The Year of Mercy for a Sinful Man like Me – Part 2

The previous post began with a look at the absolute anguish that is all too easy to see in our world. It is certainly a world far from God and in need of Mercy. For the Catholic Gentleman, this Holy Year of Mercy invites us to two things: to experience God’s Mercy, and to share his Mercy.

As Catholics, our greatest experience of Mercy is within the Sacrament of Mercy, that is, the Sacrament of Confession or Reconciliation. It is here that our confession and our contrition is met with the forgiveness and Mercy of Jesus. While there is certainly more to be said about this Sacrament, the simple fact is that Jesus wants to forgive us, and indeed he has already forgiven us, he just wants us to lay down our pride and ask freely for his Mercy. Merciful forgiveness is a gift, and the ordinary means in which we can receive this gift is in experiencing the Sacrament of Mercy.

But because we have experienced Mercy, we are also called to share his Mercy. Because we are Baptized, we are also called to Love with the Merciful Love of God. The world indeed needs God to extend his Mercy upon it, and one of the ways he does this is by using us as his instruments. Many of our beautiful saints lived their saintly lives as extensions of God’s Mercy within this world. Think of Blessed Mother Theresa, Jean Vianney, or Elizabeth of Hungary.

Now, if we are truly on the path of Manly Holiness, then sharing God’s Mercy in the world is our task also.

How, you might ask?

Our rich Catholic teaching comprehensively sums up our call to live out Merciful Charity in what are known as The Corporal Works of Mercy and The Spiritual Works of Mercy. By practicing these fourteen Works of Mercy, we follow the words of Jesus, when he said:

“Amen, I say to you, whatever you did for one of these least brothers of mine, you did for me.” – Matthew 25:40

Some would diminish the merit of works, but Christ evidently won’t recognize us as fit for his Kingdom unless we do those works as we carry out his call to be his witness of Mercy in the world.

The first seven are called corporal (from Latin corpus meaning body) because they call us to tend to the bodily or physical needs of others. The next are called spiritual because they tend to the soul of our neighbor, and though their object is not physical, their importance is no less (if anything, more) than the Corporal Works of Mercy. All of them are works of Mercy because they are our freely given acts of charity, done in the name of Jesus, that expect nothing in return. Mercy, remember, is a gift – A gift God gives to us, and which we pass on to others through our love!

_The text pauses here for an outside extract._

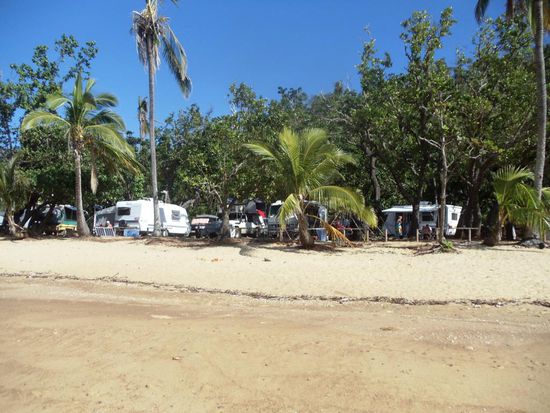 Am Mittwoch, den 1. Juni, verlassen wir Airlie Beach. Die vier erlebnisreichen Tage hier haben wir genossen. Airlie Beach ist auf jeden Fall ein Besuch wert und auch eine Boots- und Schnorcheltour empfehlen wir jedem Reisenden, welcher sich in der Gegend hier befindet. Da der Ausgang der Anderen Vier sehr lang dauerte und sie erst spät oder früh am Morgen ins Bett gekommen sind, fahren wir erst gegen Mittag ab. Unser Tagesziel ist Townsville und wir verabreden uns dort mit den Jungs auf einem Campingplatz. Wir treffen uns dann auch auf diesem Campingplatz und verbringen einen ruhigen Abend. Patric und ich fahren am nächsten Tag weiter. Unser Ziel ist ein Zeltplatz in der Nähe von Mission Beach. Dieser Zeltplatz hat uns die zwei Australischen Ehepaare angegeben und sehr empfohlen. Er soll an einer kleiner Bucht liegen mit dem Namen Bingil Bay. Dieser Platz ist dann auch ein kleines Schmuckstück und liegt direkt am Meer. Es ist sehr idyllisch hier. Auf diesem kleinen Campingplatz hat es nur etwa zehn Camper, hauptsächlich Australier. Er kostet nur 18 Dollar, dafür hat es aber auch keinen Strom. Die Bucht ist grossartig und das Meer ladet zum Baden ein. Es gefällt uns hier und wir beschliessen drei Nächte zu bleiben. Wir haben den drei Deutschen gesagt, wo wir sind und sie kommen dann am nächsten Tag auch auf diesen Campingplatz. Patric und ich haben uns in einem kleinen Supermarkt noch Eis für unsere Kühlbox besorgt und können so wenigstens das Bier kühlen. Am Abend kochen wir alle zusammen und sitzen mit unserer Gaslampe noch beisammen. Es ist ein sehr ruhiges Plätzchen hier. Den Strom vermissen wir schon ein wenig, läuft doch unser Kühlschrank nicht und wir können auch unsere PCs und Handys nicht aufladen. Für ein paar Tage aber ist das kein Problem. Die Australischen Camperprofis behelfen sich mit Solaranlagen, mit welchen sie mit Hilfe der Sonne Strom und Energie erzeugen.

Let us jog our memories by listing these Works of Mercy below:

The Corporal Works of Mercy

  1. To feed the hungry – providing for the needy, sharing food, helping to prepare food, serving others food
  2. To give drink to the thirsty – providing drink after hard work or on a hot day, serving tea or coffee, helping a child reach the tap
  3. To clothe the naked – donating clothing to a shelter, sending clothing to refugees or overseas, helping with laundry
  4. To visit the imprisoned – protecting the freedom of the innocent, visiting and praying for those in prison
  5. To shelter the homeless – show generous hospitality, take in those in need, build homes for the homeless, maintain and clean one’s own home
  6. To visit the sick – assist the sick, visit the elderly and shut-ins, visit a hospital or senior home
  7. To bury the dead – attend funerals, pay respects at cemeteries, place flowers on a grave

The Spiritual Works of Mercy

  1. To admonish the sinner – directly or indirectly forming the consciences of others
  2. To instruct the ignorant – being a beacon of truth to the hearts and minds of others
  3. To counsel the doubtful – offering clarity and certainty of Christ’s teachings to others
  4. To comfort the sorrowful – helping another in their sadness and refraining from causing sorrow to others
  5. To bear wrongs patiently – persisting in patience in dealing with the ignorance or carelessness of others
  6. To forgive all injuries – forgiving all those who have deliberately or unintentionally sinned against us
  7. To pray for the living and the dead – praying for those around us in this world, and those who have departed from this world

Wow. If that’s not a complete Christian to-do list, I don’t know what is. As you have probably noticed, you likely already do many of these things already (especially if you are a parent). But imagine if we could make our efforts more frequent, more intentional, and more far reaching than just among the people closest to us. Imagine how we would grow in love of neighbor. Imagine the Mercy that would pour into the world!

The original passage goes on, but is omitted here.